For machine-oriented experimentation from this live environment, the best current path is:

  1. keep the authenticated default ~/.codex home,
  2. use repo-local profile collab,
  3. use --ephemeral,
  4. separate stdout and stderr,
  5. disable plugins and shell_snapshot when the goal is a cleaner event channel,
  6. treat stdout as the collaboration channel,
  7. treat stderr as diagnostics only.

For higher-value next experiments, prefer a user-shell-launched supervisory run before doing much more wrapper or noise optimization.

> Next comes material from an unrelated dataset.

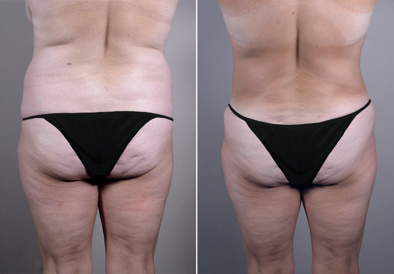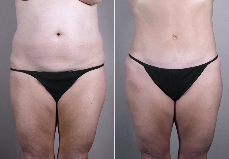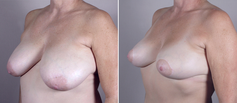 This 57 year old requested that Dr. Parker rejuvenate her large, sagging breasts and the fullness of her abdomen. She is an avid runner and both the hanging skin on her abdomen and pendulous DD breasts adversely affect her ability to do this as she would like. The patient had given birth 18 years earlier via a C section. She is 5’1″ and weighs 138 pounds. During the patient’s initial consultation with Dr. Parker, he recommended a vertical breast reduction and lift along with a lipoabdominoplasty and SAFE liposuction of her hips. At surgery, Dr. Parker removed 95 grams of breast tissue from the right side and 175 grams of tissue from the larger left side, then lifted them into a more youthful position with a “lollipop” incision. He removed 725 cc of fat from each of the patient’s hips with SAFE liposuction. He removed 825 cc of fat from the abdomen with SAFE liposuction as part of the lipoabdominoplasty procedure, then tightened the underlying rectus muscles and removed the excess skin. The patient recovered quickly, which surprised her given the amount of surgery she had performed at one operation. She is delighted with her results. Not only does she look good, but she is now able to wear form fitting tops and the clothing styles she likes. Seven months after surgery, she wore a bikini on family vacation–the first time she had done this since age 18. The patient is able to run more freely and feels very good about herself. Her only regret–”I wish I had done the surgery sooner”.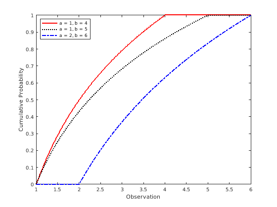 figure; plot(x,cdf1,'r','LineWidth',2); hold on; plot(x,cdf2,'k:','LineWidth',2); plot(x,cdf3,'b-.','LineWidth',2); legend({'a = 1, b = 4','a = 1, b = 5','a = 2, b = 6'},'Location','NW'); xlabel('Observation') ylabel('Cumulative Probability') hold off;

For supervisory trials specifically:

  • assume inherited fork-context may fail,
  • and be prepared to pass explicit repo and task context to subagents.

Open Questions

  • What practical capability is lost when plugins are disabled?
  • What practical capability is lost when shell_snapshot is disabled?
  • Is the state DB warning merely noisy, or does it indicate degraded useful behavior?
  • Can a user-launched supervisory Codex session coordinate real work more effectively than a thin wrapper-led collaboration pattern?
  • How much of Codex's native subagent/planning surface should be treated as product capability to reuse rather than substrate to rebuild?
  • Is inherited subagent fork-context dependable enough for future supervisory experiments, or should explicit-context delegation be the baseline?
  • Does human framing remain necessary for genuine novelty and exploration, even if native supervision is operationally viable?

Conclusion

The experiments now support a slightly stronger but still cautious conclusion:

  • headless Codex communication is viable,
  • native headless subagent collaboration is also viable,
  • a materially cleaner invocation path exists,
  • a shell-launched supervisory run can generate useful delegated analysis,
  • but the costs of suppressing noisy surfaces are still unknown,
  • and inherited subagent context currently looks less dependable than explicit-context delegation.

So the work remains exploratory. The next important step is not more local noise chasing by default. It is a more meaningful supervisory experiment, ideally launched from the user's shell, so the project can judge whether the native collaboration surface is genuinely useful for the direction now emerging in OA01.2 to OA01.4.